MacConkey Sorbitol Agar however should not be solely used to detect pathogenic E.coli O157: H7 strains as some nontoxic strains will also not ferment sorbitol (4).
On standard MacConkey Agar containing lactose, this strain is indistinguishable from other lactose-fermenting E.coli . In MacConkey Sorbitol Agar Base, lactose is replaced by sorbitol. Unlike most E.coli strains, E.coli O157:H7 ferments sorbitol slowly or not at all (3,8). The growth of E.coli O157:H7 on MacConkey Agar with Sorbitol shows colourless colonies and most of the fecal flora ferment sorbitol and appear pink. MacConkey Agar with Sorbitol therefore permits ready recognition of E.coli O157:H7 (5,6,7).

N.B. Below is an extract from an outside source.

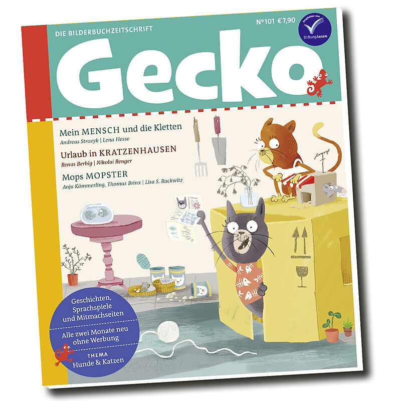 Katzen und Hunde die beliebtesten Haustiere haben ihren Auftritt in Gecko Nr. 101. Los geht's mit einer wahren Begebenheit, erzählt aus Hundesicht, nämlich der Erfindung des Klettverschlusses. Andreas Strozyk gibt den Memoiren des Hundes eine Stimme, und Illus...Katzen und Hunde die beliebtesten Haustiere haben ihren Auftritt in Gecko Nr. 101. Los geht's mit einer wahren Begebenheit, erzählt aus Hundesicht, nämlich der Erfindung des Klettverschlusses. Andreas Strozyk gibt den Memoiren des Hundes eine Stimme, und Illustratorin Lena Hesse ein Gesicht, dem man einfach nicht böse sein kann. Was Katzen gerne im Urlaub tun wurden, weiß niemand besser Renus Berbig. Er hat den wohl katzenfreundlichsten Urlaub in Kratzenhausen erdacht und Nikolai Renger den ultimativen Reiseprospekt dazu illustriert. »Wie Hund und Katz« sind Mops Mopster und Katze Lotte am Gartenzaun sie können sich einfach nicht ausstehen. Anja Kömmerling, Thomas Brinx und Lisa Rackwitz erkunden in »Mops Mopster« Konfliktbewältigung bei Nachbars-Tieren und Kindern. Bei »Sachen machen« gibt es diesmal ein Backrezept für täuschend echte »Hundehäufchen« - zum Leute-Erschrecken und hinterher Verspeisen. Das ABC der Tunwörter von Ina Hattenhauer zeigt diesmal schöne Wendungen mit »sch« wie »schlafen«. Und das Geckodicht ist eine richtige Kopfnuss fur Klein und Groß. Viel Spaß beim Vorlesen und ersten Selberlesen! 52 bunte Seiten zum Vor- und Selberlesen für neugierige Kinder ab 4 und ihre Erwachsenen. Gecko 101 erscheint am 2. Mai 2024 ISBN 978-3-911209-00-7 Die Geschichten: »Mein Mensch und die Kletten« von Andreas Strozyk und Lena Hesse »Urlaub in Kratzenhausen« von Renus Berbig und Nikolai Renger »Mops Mopster« von Anja Kömmerling, Thomas Brinx und Lisa S. Rackwitz Alle Künstlerinnen und Künstler dieser Gecko-Ausgabe: Andreas Strozyk, Lena Hesse, Renus Berbig, Nikolai Renger, Stefanie Duckstein, Anja Kömmerling, Thomas Brinx, Lisa S. Rackwitz, Katja Enseling, Katrin Wiegand, Mascha Greune, Bettina Bexte, Ina Hattenhauer, Uwe-Michael Gutzschhahn, Franziska Ludwig, Ina Nefzer. - - - - - - - - - - - - - - - - - - - - - - - - - - - - - - - - - - - - - - - - - - - - - - - - - - - - Gecko ist eine werbefreie Bilderbuch-Zeitschrift für neugierige Kindergartenkinder ab 4 Jahren und Grundschulkinder. Jede Ausgabe ist voll mit neuen spannenden Geschichten zum Vorlesen und Selberlesen und eigens für Gecko illustriert! Außerdem gibt es Wortspiele, Mitmachseiten, Buchtipps, Rätsel, Bastelideen, Gedichte, ein Experiment und vieles mehr. Alle Geschichten haben die ideale Länge für Gutenachtgeschichten. Gecko wurde mit dem Qualitätssiegel der Stiftung Lesen ausgezeichnet. Gecko gibt es auch als Abonnement: Alle Eltern, Großeltern, Tanten und Onkel können ihren Kindern ein Jahr Vorlesespaß und gemeinsame Zeit schenken. Alle zwei Monate freuen sich die kleinen Abonnenten auf eigene Post. Auf www.gecko-kinderzeitschrift.de und in jeder Buchhandlung.

Peptic digest of animal tissue and proteose peptone supply necessary nutrients like nitrogenous and carbonaceous compounds, minerals, vitamins and trace ingredients for the growth of organisms. Crystal violet and bile salt mixture present in the medium inhibit growth of gram-positive bacteria. Sodium chloride maintains osmotic equilibrium. Neutral red is an indicator. D-Sorbitol is the fermentable carbohydrate.
Directions:
Suspend 50.03 grams in 1000 ml distilled water. Heat to boiling to dissolve the medium completely. Sterilize by autoclaving at 15 lbs pressure (121°C) for 15 minutes. AVOID OVERHEATING. Cool to 45-50°C and pour into sterile Petri plates.